Records for the exercise: Begin

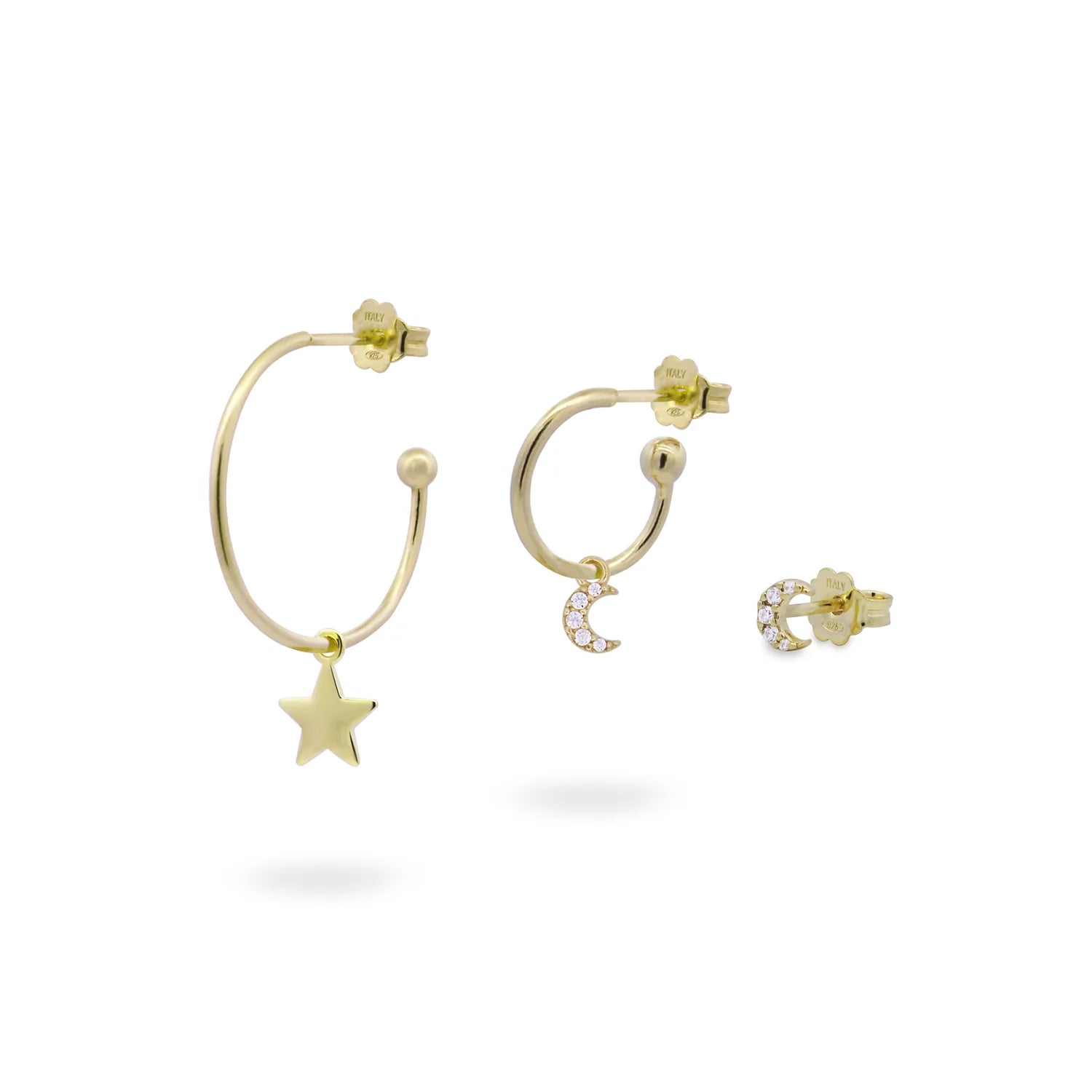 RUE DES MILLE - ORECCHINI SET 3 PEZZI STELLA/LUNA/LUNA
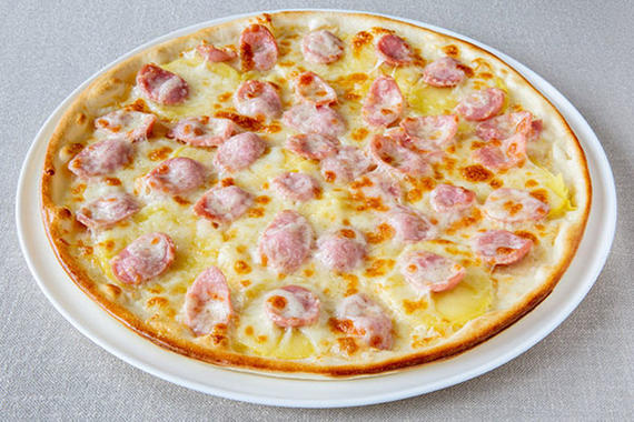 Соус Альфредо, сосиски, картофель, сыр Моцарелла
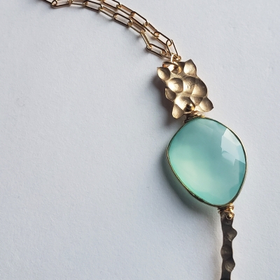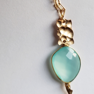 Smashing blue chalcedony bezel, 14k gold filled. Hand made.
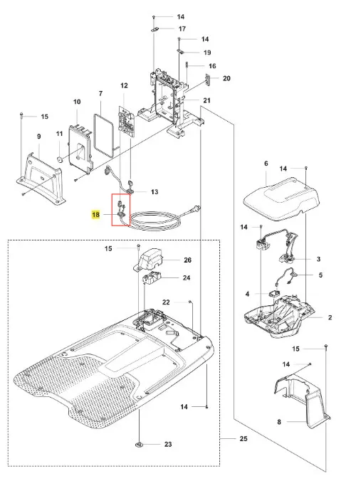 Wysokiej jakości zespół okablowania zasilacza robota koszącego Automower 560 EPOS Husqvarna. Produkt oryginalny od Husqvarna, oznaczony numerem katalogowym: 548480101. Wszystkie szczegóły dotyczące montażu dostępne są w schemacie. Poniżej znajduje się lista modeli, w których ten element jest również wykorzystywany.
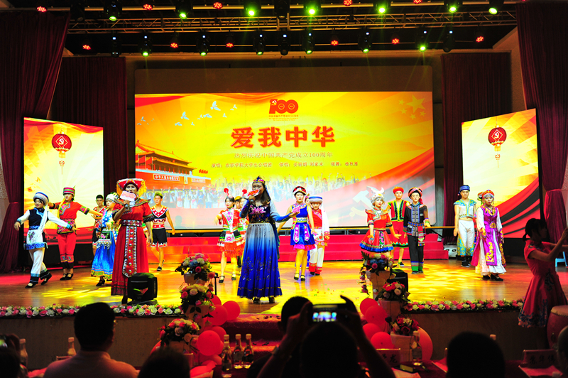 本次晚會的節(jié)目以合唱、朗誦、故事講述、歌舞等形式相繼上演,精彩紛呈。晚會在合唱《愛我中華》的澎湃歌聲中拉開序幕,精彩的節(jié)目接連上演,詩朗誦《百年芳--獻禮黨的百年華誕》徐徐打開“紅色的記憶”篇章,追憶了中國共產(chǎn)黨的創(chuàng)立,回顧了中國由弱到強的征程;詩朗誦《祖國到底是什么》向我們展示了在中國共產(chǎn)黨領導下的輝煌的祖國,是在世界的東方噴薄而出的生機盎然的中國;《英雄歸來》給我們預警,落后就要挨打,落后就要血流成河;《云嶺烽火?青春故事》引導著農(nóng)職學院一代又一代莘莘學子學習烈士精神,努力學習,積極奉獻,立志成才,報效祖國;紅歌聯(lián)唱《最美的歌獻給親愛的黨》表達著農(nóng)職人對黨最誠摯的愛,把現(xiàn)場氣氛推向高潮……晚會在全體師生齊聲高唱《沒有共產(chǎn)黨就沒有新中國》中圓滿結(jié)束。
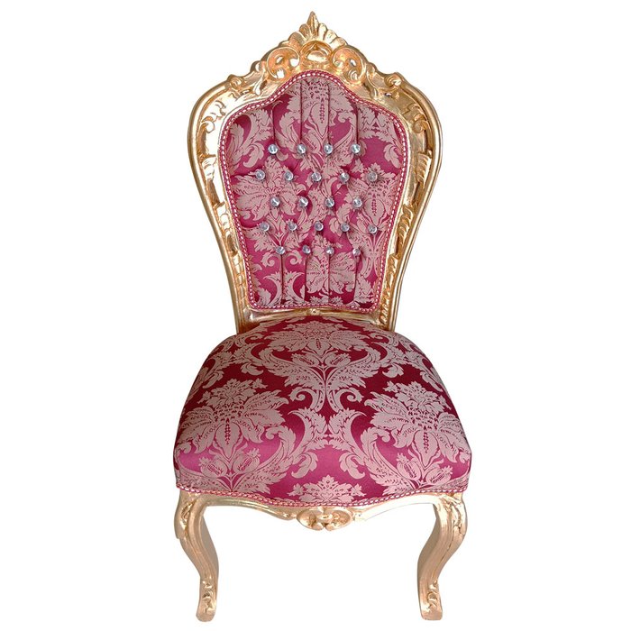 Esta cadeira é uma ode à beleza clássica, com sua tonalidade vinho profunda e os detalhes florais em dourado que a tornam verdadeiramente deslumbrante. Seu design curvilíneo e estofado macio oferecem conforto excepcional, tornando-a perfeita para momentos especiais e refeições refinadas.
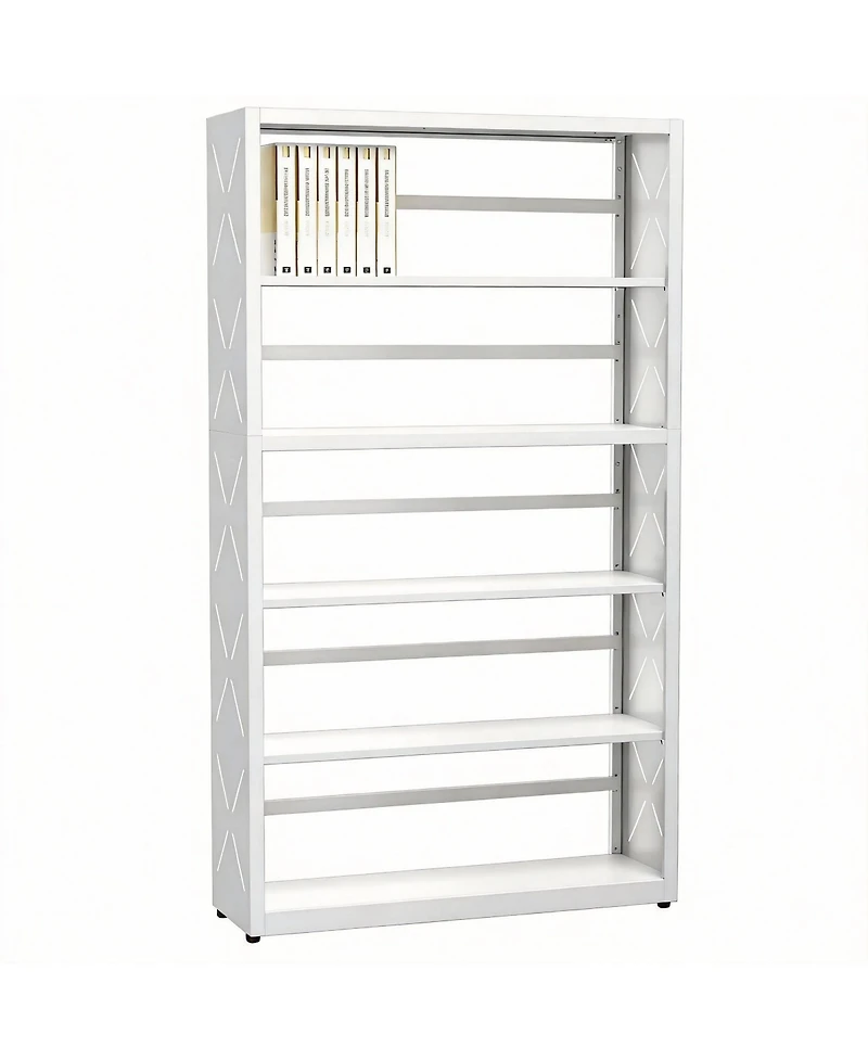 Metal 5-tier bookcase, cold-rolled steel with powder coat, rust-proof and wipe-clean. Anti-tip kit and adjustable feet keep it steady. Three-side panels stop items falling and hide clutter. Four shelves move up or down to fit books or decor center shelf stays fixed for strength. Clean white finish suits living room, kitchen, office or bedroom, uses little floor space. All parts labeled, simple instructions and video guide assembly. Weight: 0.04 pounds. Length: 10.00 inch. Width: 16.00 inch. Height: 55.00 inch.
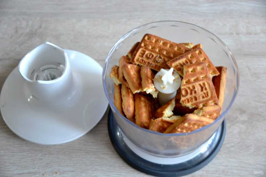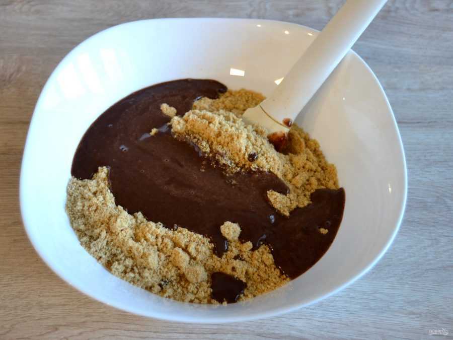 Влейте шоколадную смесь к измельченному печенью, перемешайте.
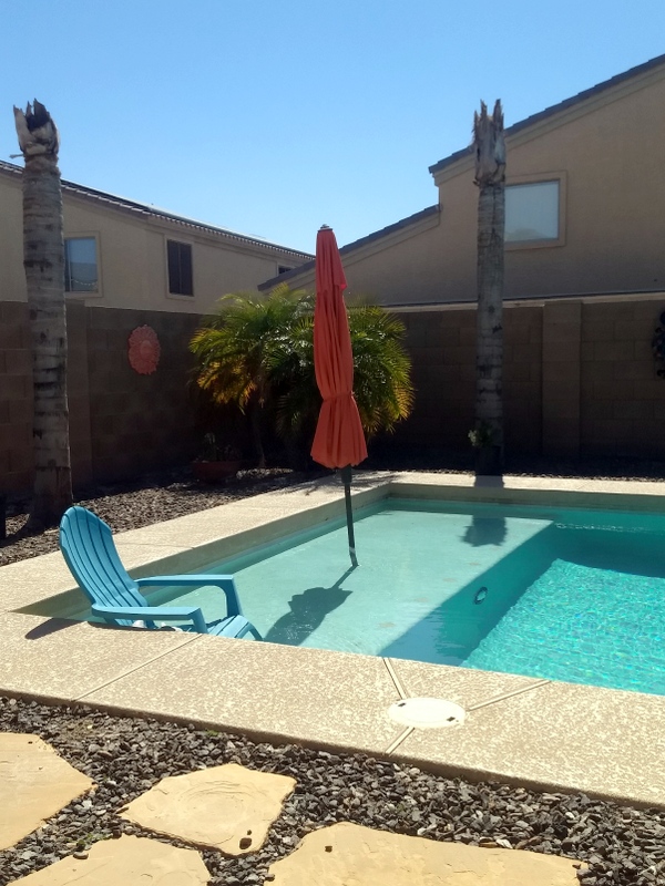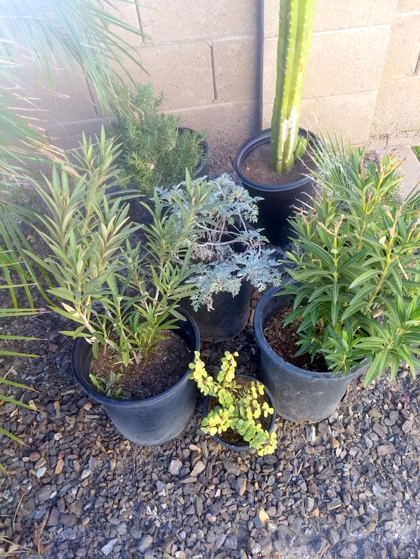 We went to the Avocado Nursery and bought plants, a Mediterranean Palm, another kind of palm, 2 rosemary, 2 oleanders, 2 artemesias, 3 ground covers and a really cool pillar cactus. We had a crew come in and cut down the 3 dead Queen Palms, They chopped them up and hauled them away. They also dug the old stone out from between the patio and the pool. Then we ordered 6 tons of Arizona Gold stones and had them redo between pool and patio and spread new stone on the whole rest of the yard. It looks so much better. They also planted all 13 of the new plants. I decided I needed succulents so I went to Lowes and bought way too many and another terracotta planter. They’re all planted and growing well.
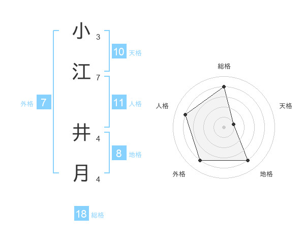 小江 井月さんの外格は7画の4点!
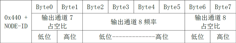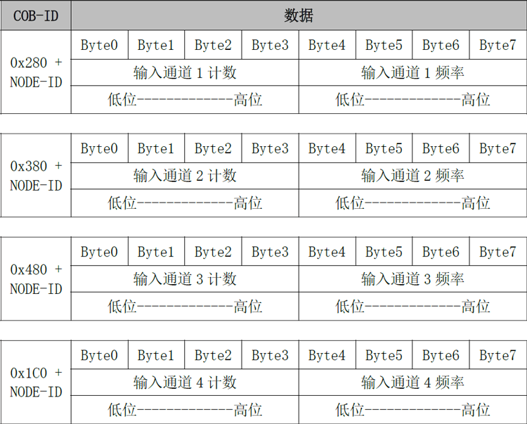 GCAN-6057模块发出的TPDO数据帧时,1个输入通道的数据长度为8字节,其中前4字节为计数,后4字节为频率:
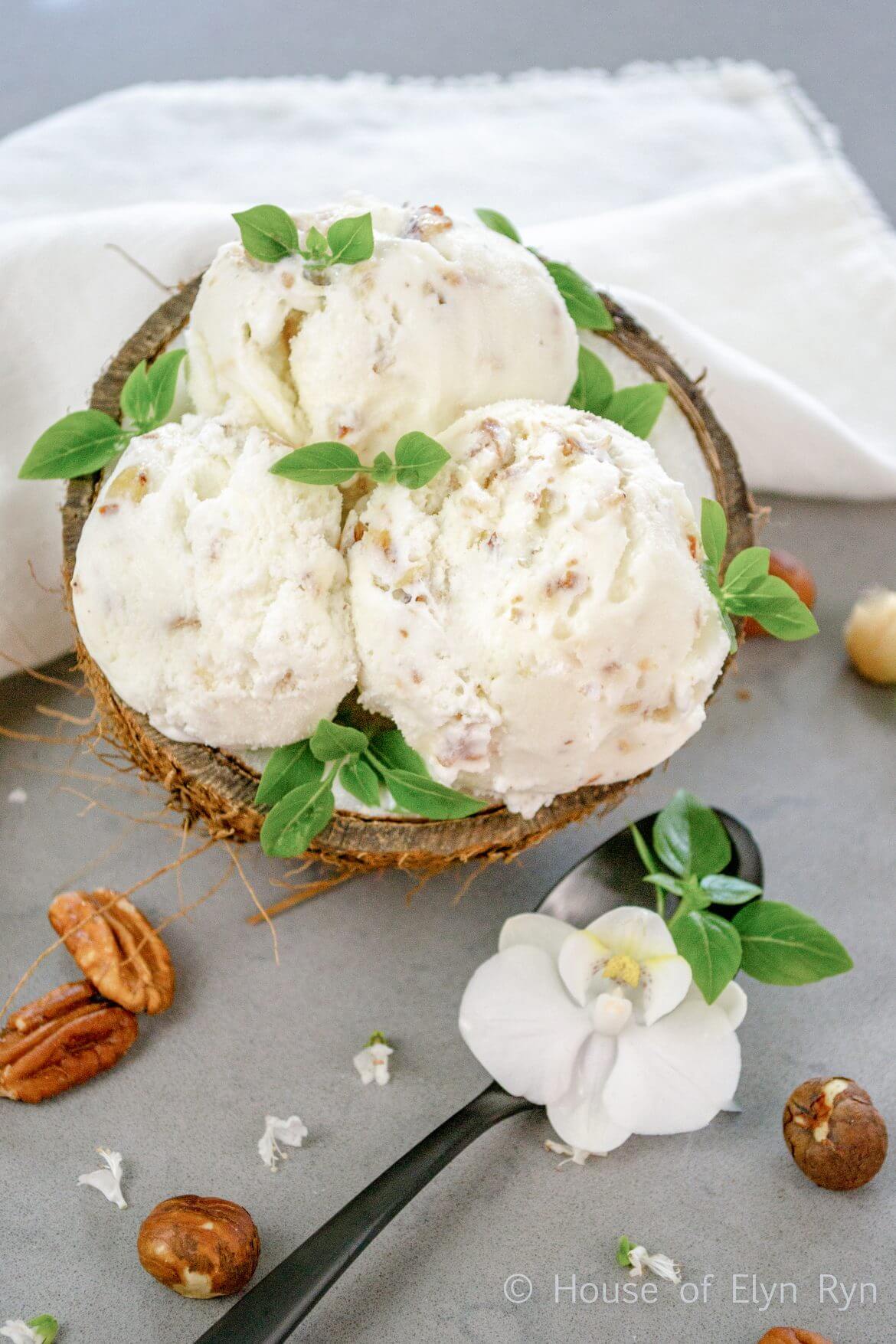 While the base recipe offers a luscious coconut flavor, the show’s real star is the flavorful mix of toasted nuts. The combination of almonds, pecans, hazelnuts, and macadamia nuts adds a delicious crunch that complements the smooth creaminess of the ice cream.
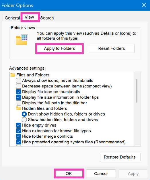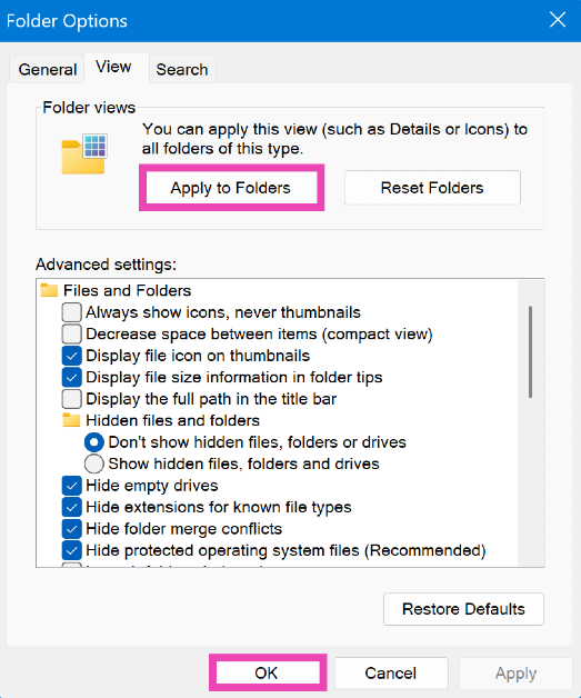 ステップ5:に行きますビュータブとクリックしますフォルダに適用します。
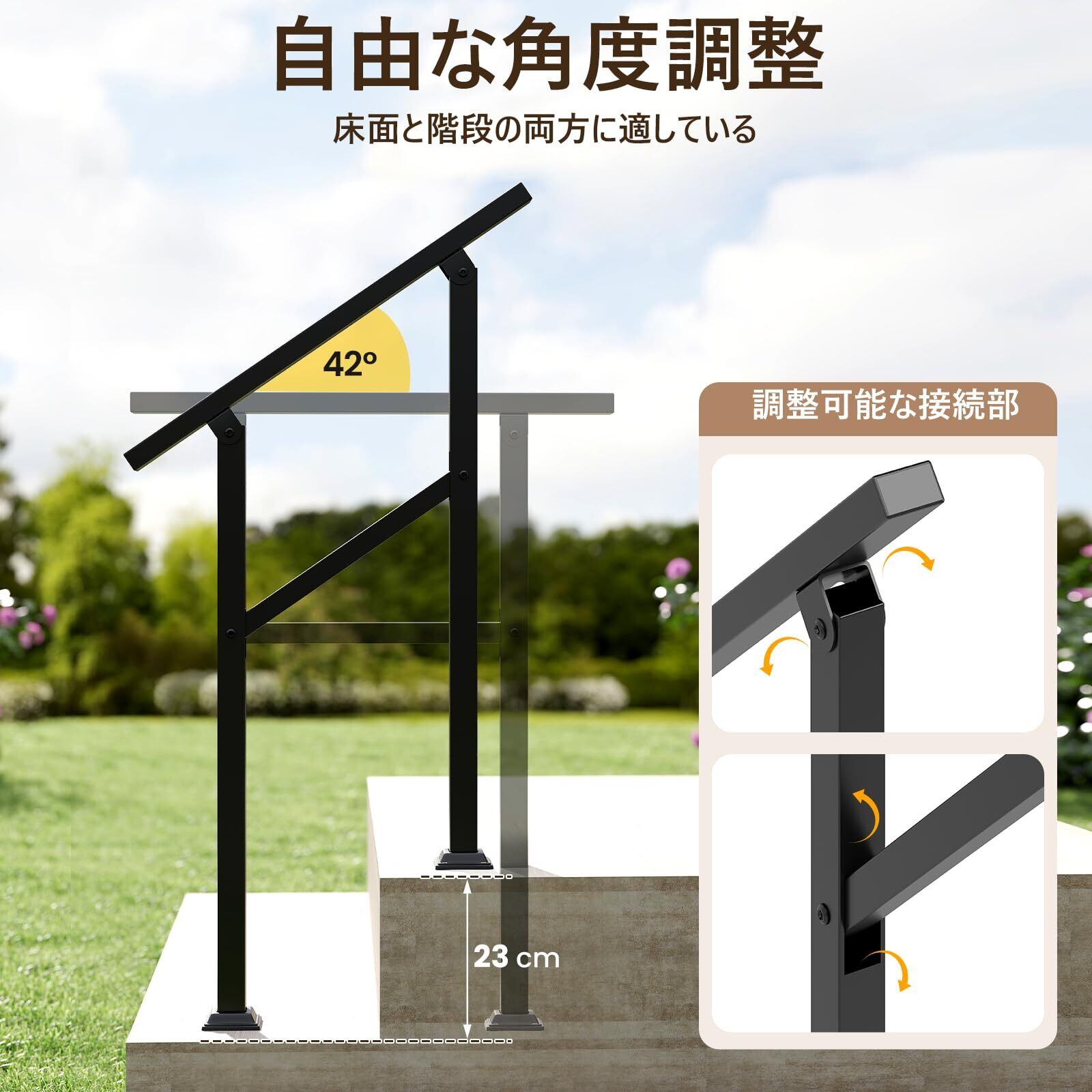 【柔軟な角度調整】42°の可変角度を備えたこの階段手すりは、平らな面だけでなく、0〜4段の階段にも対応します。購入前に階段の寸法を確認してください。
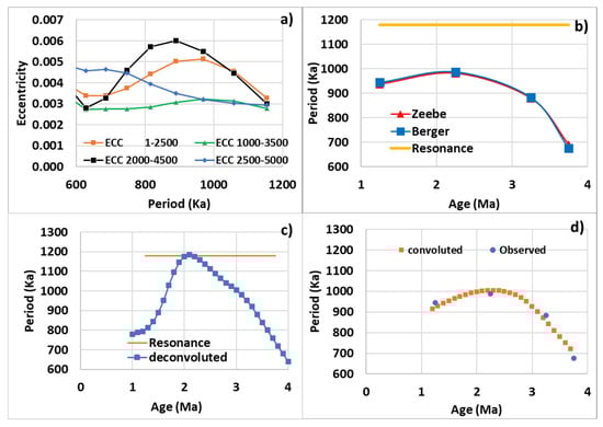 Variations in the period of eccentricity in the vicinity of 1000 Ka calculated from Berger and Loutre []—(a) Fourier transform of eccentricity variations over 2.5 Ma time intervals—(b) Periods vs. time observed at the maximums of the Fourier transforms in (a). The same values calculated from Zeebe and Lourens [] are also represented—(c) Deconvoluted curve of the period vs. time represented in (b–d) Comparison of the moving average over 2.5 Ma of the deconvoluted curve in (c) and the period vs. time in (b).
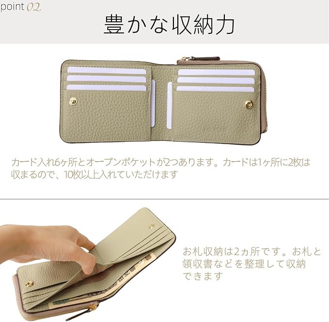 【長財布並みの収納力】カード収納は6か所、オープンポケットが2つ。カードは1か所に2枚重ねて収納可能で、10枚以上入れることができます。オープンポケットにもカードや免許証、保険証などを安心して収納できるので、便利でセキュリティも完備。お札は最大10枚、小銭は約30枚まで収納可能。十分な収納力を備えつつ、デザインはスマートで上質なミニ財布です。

Records for the exercise: End

- **Assigned task**
Your task is to reproduce the entries above word for word, from the first line through the line with "Smashing blue chalcedony", and please leave out any pictures.

- **Response to this task**
 RUE DES MILLE - ORECCHINI SET 3 PEZZI STELLA/LUNA/LUNA
 Соус Альфредо, сосиски, картофель, сыр Моцарелла
 Smashing blue chalcedony bezel, 14k gold filled. Hand made.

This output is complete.